INPUT DATA section start
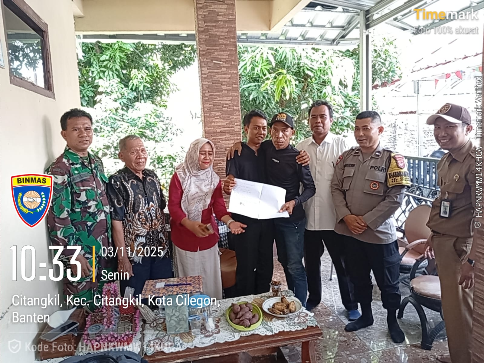 Cilegon – Personil Bhabinkamtibmas Polsek Ciwandan Polres Cilegon Polda Banten Bersama dengan Babinsa Koramil Ciwandan Melaksanakan Sambang Bersama dalam rangka Memberikan Rasa Aman dan Himbauan Kamtibmas Kepada Warga Masyarakat, Senin (03/11/2025).
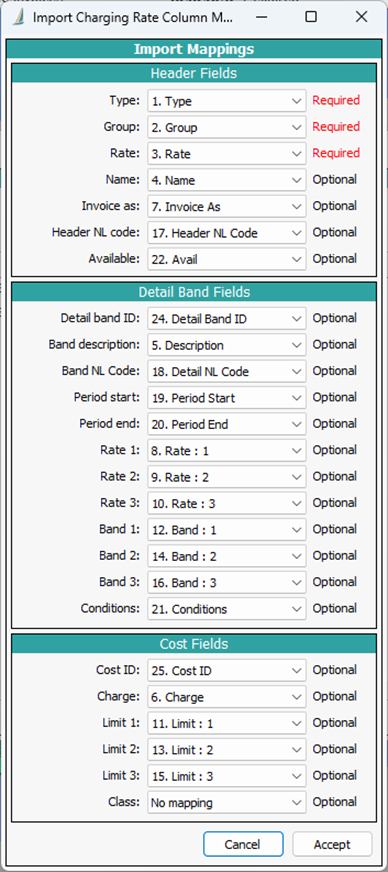 Mapping the columns is a mandatory step, but if you haven't changed any of the column names from the original export, they will all be detected automatically, and you can just click Accept to continue.
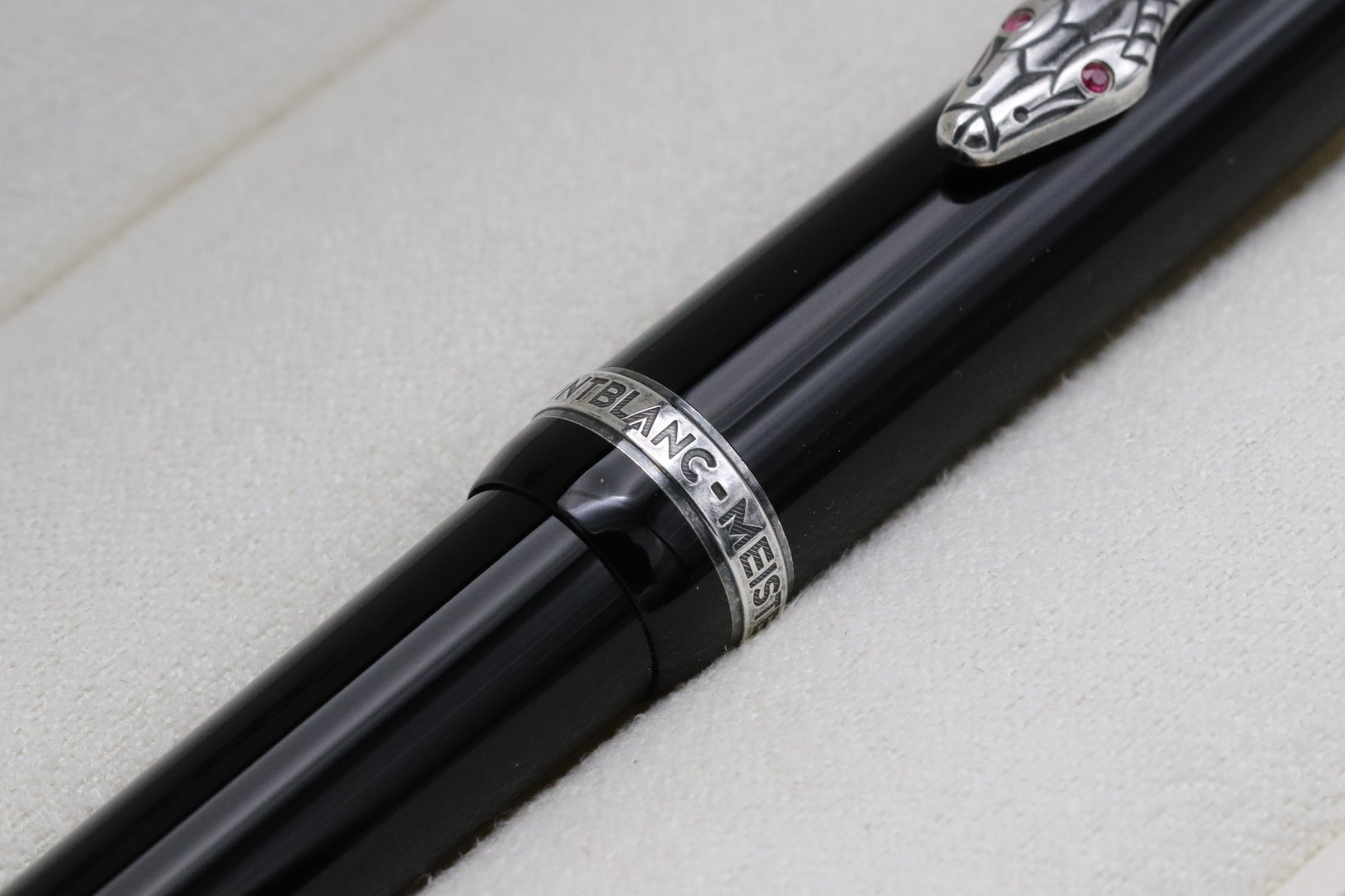 This is one of our favourite Writers Edition - the pencil is crafted from black resin, with the trim and serpent clip being sterling silver - the serpents eyes are set with two rubies.
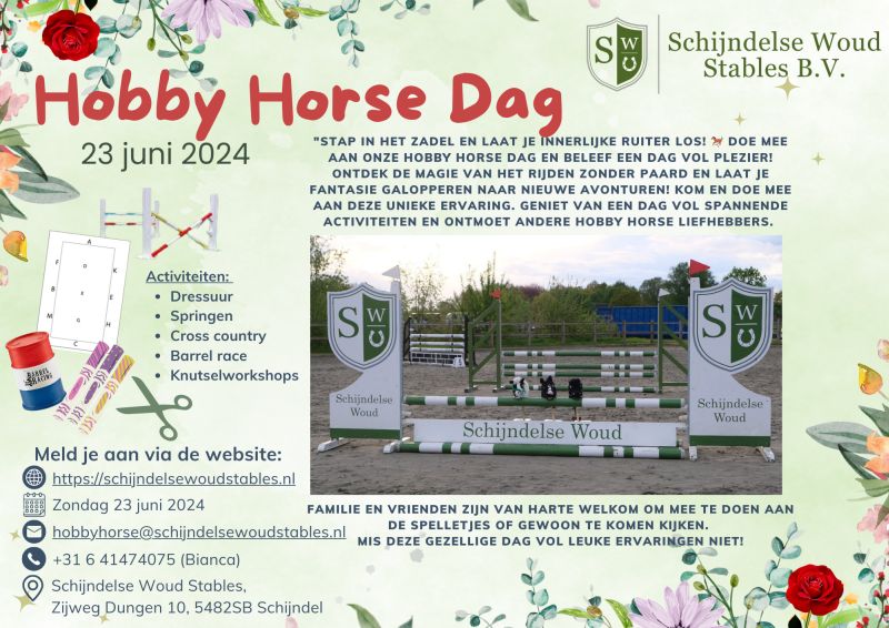 Kinderen die het spannend vinden worden door het zorgzame hobbyhorseteam op hun gemak gesteld en zullen waar nodig worden geholpen bij de verschillende rubrieken. Het draait allemaal om gezelligheid en samen met andere enthousiastelingen deze unieke sport beleven. Dus borstel je hobby horse en kom naar de Hobby Horse Dag in Schijndel. Meer informatie en veelgestelde vragen vind je op: Hobbyhorse – Schijndelse Woud Stables. Vragen? Mail naar Dit e-mailadres wordt beveiligd tegen spambots. JavaScript dient ingeschakeld te zijn om het te bekijken.of app/bel Bianca 0641474075
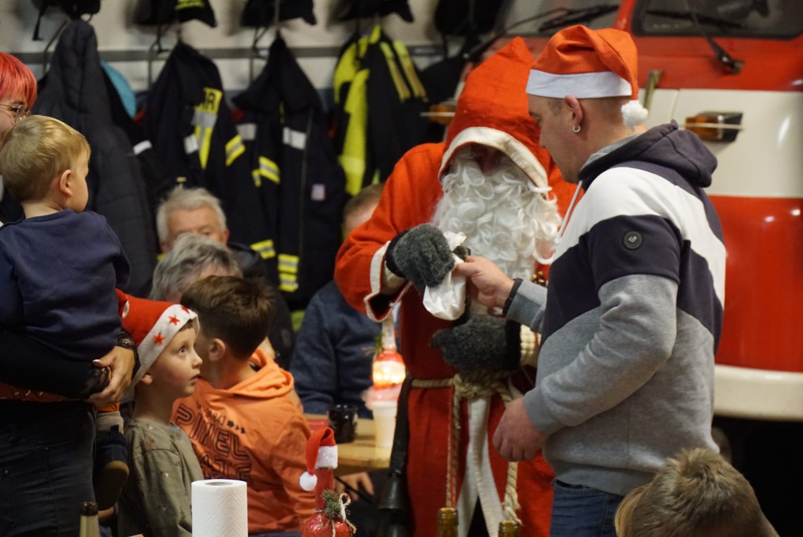 Etwas später am Tag fand auch der Weihnachtsmann wieder den Weg zu uns, natürlich mit reich gefüllten Geschenkesack. Es wurden gemeinsame Weihnachtslieder angestimmt und von den Kindern originelle Gedichte vorgetragen. So zog eine besinnliche Weihnachtstimmung ein und aufgeheiterte Gesprächsrunden hallten durchs Gerätehaus. Ein gelungener Nachmittag neigte sich dem Ende entgegen und wir freuen uns bereits auf das 15. Weihnachtsbasteln, diesmal im neuen Gerätehaus.
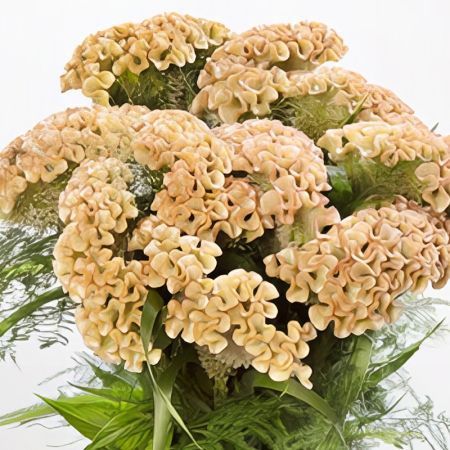Vibrant and distinctive flower heads. These annual plants come in various forms, including the plumed (feather-like) and cockscomb (velvet-textured, brain-like) types, and are popular for their long-lasting blooms. 10 stems bunch.
INPUT DATA section end
_WHAT YOU SHOULD DO:_ The lines to copy exactly start with the line above that has "This is one" and go on through the line that has "Kinderen die het"; please include both, add nothing else, and omit the pictures.

_THE COMPLETED TASK:_
 This is one of our favourite Writers Edition - the pencil is crafted from black resin, with the trim and serpent clip being sterling silver - the serpents eyes are set with two rubies.
 Kinderen die het spannend vinden worden door het zorgzame hobbyhorseteam op hun gemak gesteld en zullen waar nodig worden geholpen bij de verschillende rubrieken. Het draait allemaal om gezelligheid en samen met andere enthousiastelingen deze unieke sport beleven. Dus borstel je hobby horse en kom naar de Hobby Horse Dag in Schijndel. Meer informatie en veelgestelde vragen vind je op: Hobbyhorse – Schijndelse Woud Stables. Vragen? Mail naar Dit e-mailadres wordt beveiligd tegen spambots. JavaScript dient ingeschakeld te zijn om het te bekijken.of app/bel Bianca 0641474075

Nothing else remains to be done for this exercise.